Sie nickte und machte sich ans Werk, ich sah mich derweilen etwas in dem Laden um. Er wirkte behaglich. Die Decke war in einem warmen Blau gestrichen, an den Wänden zogen sich Kletterpflanzen von einer Seite zur anderen und überall herrschte ein buntes Treiben aus allerlei verschiedenen Arten von Blumen. Es gab kaum einen Fleck, der nicht bewachsen war. Und in der Mitte führte eine Wendeltreppe in ein weiteres Stockwerk, in dem vermutlich noch mehr Auswahl auf einen wartete. Apropos warten.

„Fertig! Gefallen sie Ihnen?" Die Florafachexpertin hielt mir einen Straus Chrysanthemen in gelb und weiß hin, ich nahm sie stumm entgegen. Keine Ahnung, ob mir die zusagten, ich kannte mich mit Gewächsen nicht aus und mit Ästhetik umso weniger.

„Soll ich eine schöne Schleife um die Stiele herumbinden?"

„Eine Vase wäre mir lieber.
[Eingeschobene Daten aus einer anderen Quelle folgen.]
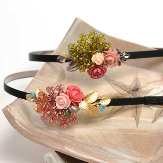 The hair bands from OTT gallery foreground Korean traditional designs. Every hair band is made with hands to ensure uniqueness and quality. Thick and thin hair bands adorned with floral embellishments are available for your choice.
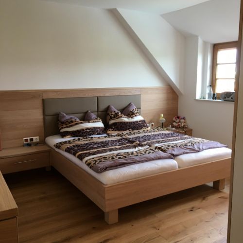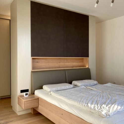 Ob stilvolles Bettgestell, großzügiger Kleiderschrank oder funktionelle Nachtkästchen – jedes Stück entsteht in handwerklicher Präzision und nach Ihren individuellen Wünschen. Wir kombinieren natürliche Materialien mit harmonischen Formen und schaffen so eine Atmosphäre, die Geborgenheit vermittelt.

Dann kann ich sie ihm einfach hinstellen." Ich war ehrlich nicht der Typ dafür, jemandem mit viel Tamtam Geschenke zu überreichen. Am Valentinstag mal die eine oder andere Rose, wenn ich dazu genötigt wurde, aber von allzu großem Kitsch hielt ich mich fern. Normalerweise.
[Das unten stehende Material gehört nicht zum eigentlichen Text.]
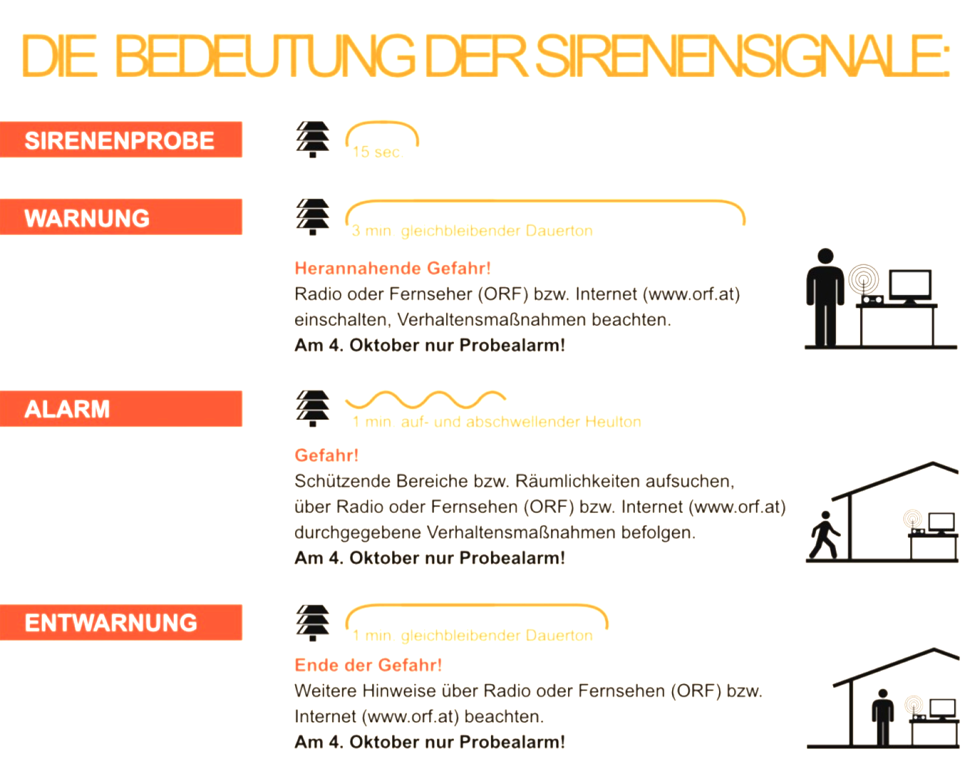 Zwischen 12 Uhr und 12.45 Uhr werden nach dem Signal „Sirenenprobe“ die drei Zivilschutzsignale „Warnung“, „Alarm“ und „Entwarnung“ in ganz Österreich ausgestrahlt. Der Probealarm dient einerseits zur Überprüfung der technischen Einrichtungen des Warn- und Alarmsystems, andererseits soll die Bevölkerung mit diesen Signalen und ihrer Bedeutung vertraut gemacht werden.

„Haben Sie eine bestimmte im Sinn?" Sie deutete auf ein Regal, auf dem viel zu viele Arten von Töpfen und Glasgefäßen dicht an dicht standen.

„Irgendeine, von der Sie denken, dass sie passt."

Es dauerte ungefähr fünf Minuten, dann drückte sie mir eine durchsichtige Vase in die Hand, die am Hals mit einem roten Band verziert war. Ganz vorne prangte ein geschwungenes Herz.

So viel dazu, dass ich keine Gefühlsduseleien mochte.

Ich bezahlte den überraschend hohen Preis und lief mit dem Präsent zurück zum Haus der Balz'. Es war kein langer Weg, keine zwanzig Minuten zu Fuß, und die Zeit reichte nicht mal aus, um mir selbst die Frage zu beantworten, ob der gemütliche Blumenladen eines von Noahs Bewerbungszielen war. Auf jeden Fall würde die Umgebung zu ihm passen. In einem großen Betrieb würde er sich vermutlich selbst verlieren.

Weil er so unfassbar hilflos ist.

Ich summte ein bisschen vor mich hin, grinste einem Mädchen zu, das ziemlich sehnsüchtig zu mir herüberblickte. Vermutlich bekam sie nicht oft solche Aufmerksamkeiten überreicht. Aber wahrscheinlich wurde sie auch nicht beleidigt, bis Krokodiltränen flossen. Hässliche Krokodiltränen. Keine Ahnung, warum es mir so derb auf den Geist ging, wenn der Freak losheulte. Wenn die Flüssigkeit in seinen Augen allerdings davon rührte, dass er würgen musste, weil ich ihm meinen Schwanz tief in den Rachen rammte, dann-

Mein Handy vibrierte, riss mich aus meinen Fantasien, bevor ich es bewerkstelligen konnte, mitten auf offener Straße hart zu werden. Das war mir schon in der Pubertät oft genug passiert. Ich brauchte ehrlich keine Erinnerung daran, wie seltsam es war, wenn jemand einem in einer völlig verqueren Situation penetrant in den Schritt starrte. Vorzugsweise, wenn man an der Tafel stand und die gesamte Klasse vor sich hatte. Front row boner-time.